- EXERCISE PROMPT -
In the entries below, repeat only the lines between those holding "ο Γιώργος Νταλάρας." and "Vintage Native American", inclusive. Leave pictures out.

- RECORDS FOR THE TASK -

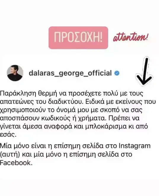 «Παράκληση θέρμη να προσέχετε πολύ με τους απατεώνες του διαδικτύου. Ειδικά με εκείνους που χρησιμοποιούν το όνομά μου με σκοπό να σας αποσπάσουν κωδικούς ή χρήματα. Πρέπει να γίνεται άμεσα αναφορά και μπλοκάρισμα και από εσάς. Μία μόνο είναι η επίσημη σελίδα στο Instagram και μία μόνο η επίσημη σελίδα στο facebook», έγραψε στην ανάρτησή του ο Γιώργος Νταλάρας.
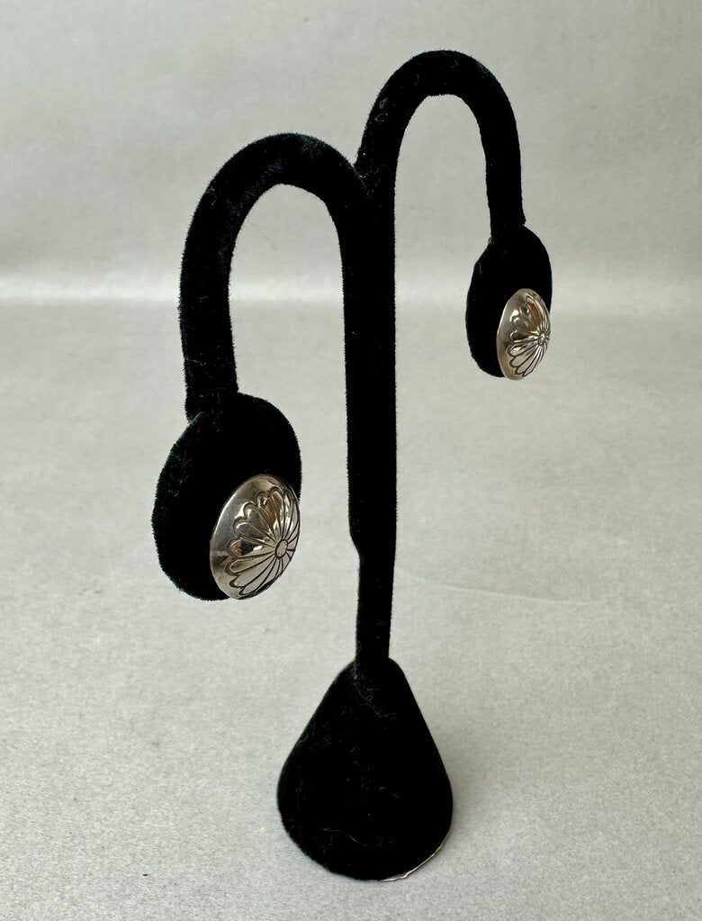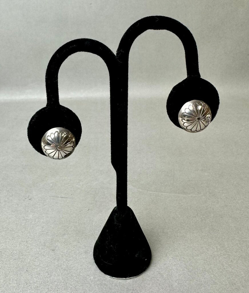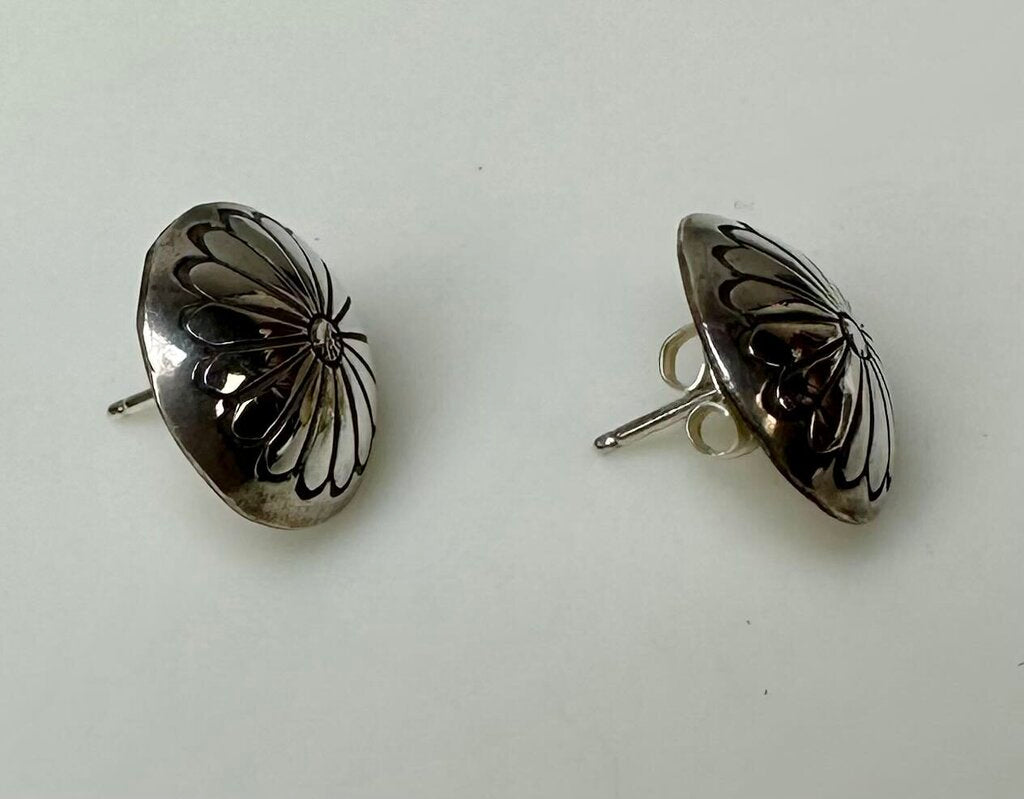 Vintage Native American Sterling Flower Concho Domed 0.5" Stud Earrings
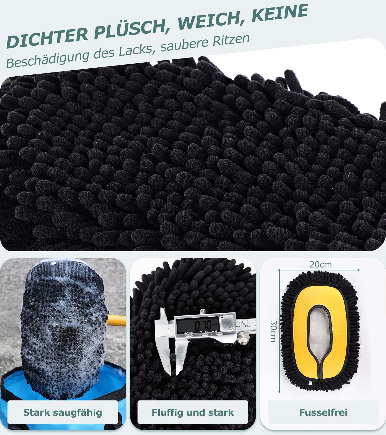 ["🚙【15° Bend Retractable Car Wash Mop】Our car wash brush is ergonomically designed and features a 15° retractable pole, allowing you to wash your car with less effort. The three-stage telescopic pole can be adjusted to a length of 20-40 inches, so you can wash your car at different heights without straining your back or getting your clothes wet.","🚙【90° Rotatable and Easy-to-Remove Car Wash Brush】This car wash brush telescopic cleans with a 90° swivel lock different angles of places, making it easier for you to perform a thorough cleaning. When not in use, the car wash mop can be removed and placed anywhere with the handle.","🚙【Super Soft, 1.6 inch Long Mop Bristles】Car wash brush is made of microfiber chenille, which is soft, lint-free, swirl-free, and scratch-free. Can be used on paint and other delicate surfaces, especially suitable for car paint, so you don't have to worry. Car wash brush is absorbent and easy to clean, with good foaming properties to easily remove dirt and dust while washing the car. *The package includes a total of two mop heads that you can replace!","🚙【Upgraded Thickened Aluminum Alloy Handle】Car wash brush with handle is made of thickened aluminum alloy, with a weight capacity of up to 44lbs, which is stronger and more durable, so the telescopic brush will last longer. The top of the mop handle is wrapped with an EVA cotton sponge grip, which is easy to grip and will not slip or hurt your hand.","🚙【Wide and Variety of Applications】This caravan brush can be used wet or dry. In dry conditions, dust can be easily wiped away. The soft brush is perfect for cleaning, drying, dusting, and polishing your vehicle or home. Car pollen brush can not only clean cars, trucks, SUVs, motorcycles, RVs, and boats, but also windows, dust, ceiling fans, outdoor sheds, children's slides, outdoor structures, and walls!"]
==
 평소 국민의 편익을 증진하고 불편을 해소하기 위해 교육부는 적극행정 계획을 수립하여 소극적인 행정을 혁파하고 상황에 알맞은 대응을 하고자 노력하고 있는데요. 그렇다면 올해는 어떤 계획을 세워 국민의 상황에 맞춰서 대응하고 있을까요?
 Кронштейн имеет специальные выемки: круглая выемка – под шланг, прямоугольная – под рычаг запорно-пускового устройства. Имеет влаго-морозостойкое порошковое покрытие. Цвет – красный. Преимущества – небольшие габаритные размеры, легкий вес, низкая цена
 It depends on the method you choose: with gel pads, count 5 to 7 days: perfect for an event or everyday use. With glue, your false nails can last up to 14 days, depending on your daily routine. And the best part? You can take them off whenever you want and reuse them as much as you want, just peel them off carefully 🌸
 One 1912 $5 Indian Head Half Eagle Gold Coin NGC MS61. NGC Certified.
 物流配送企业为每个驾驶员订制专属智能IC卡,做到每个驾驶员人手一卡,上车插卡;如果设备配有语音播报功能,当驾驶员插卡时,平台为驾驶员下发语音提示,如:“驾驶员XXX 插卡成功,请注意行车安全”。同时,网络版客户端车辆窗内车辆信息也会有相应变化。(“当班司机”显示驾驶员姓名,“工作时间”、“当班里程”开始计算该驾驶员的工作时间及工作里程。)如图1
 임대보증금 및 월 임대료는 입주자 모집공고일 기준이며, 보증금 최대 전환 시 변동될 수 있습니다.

- WRITTEN ANSWER -
 «Παράκληση θέρμη να προσέχετε πολύ με τους απατεώνες του διαδικτύου. Ειδικά με εκείνους που χρησιμοποιούν το όνομά μου με σκοπό να σας αποσπάσουν κωδικούς ή χρήματα. Πρέπει να γίνεται άμεσα αναφορά και μπλοκάρισμα και από εσάς. Μία μόνο είναι η επίσημη σελίδα στο Instagram και μία μόνο η επίσημη σελίδα στο facebook», έγραψε στην ανάρτησή του ο Γιώργος Νταλάρας.
 Vintage Native American Sterling Flower Concho Domed 0.5" Stud Earrings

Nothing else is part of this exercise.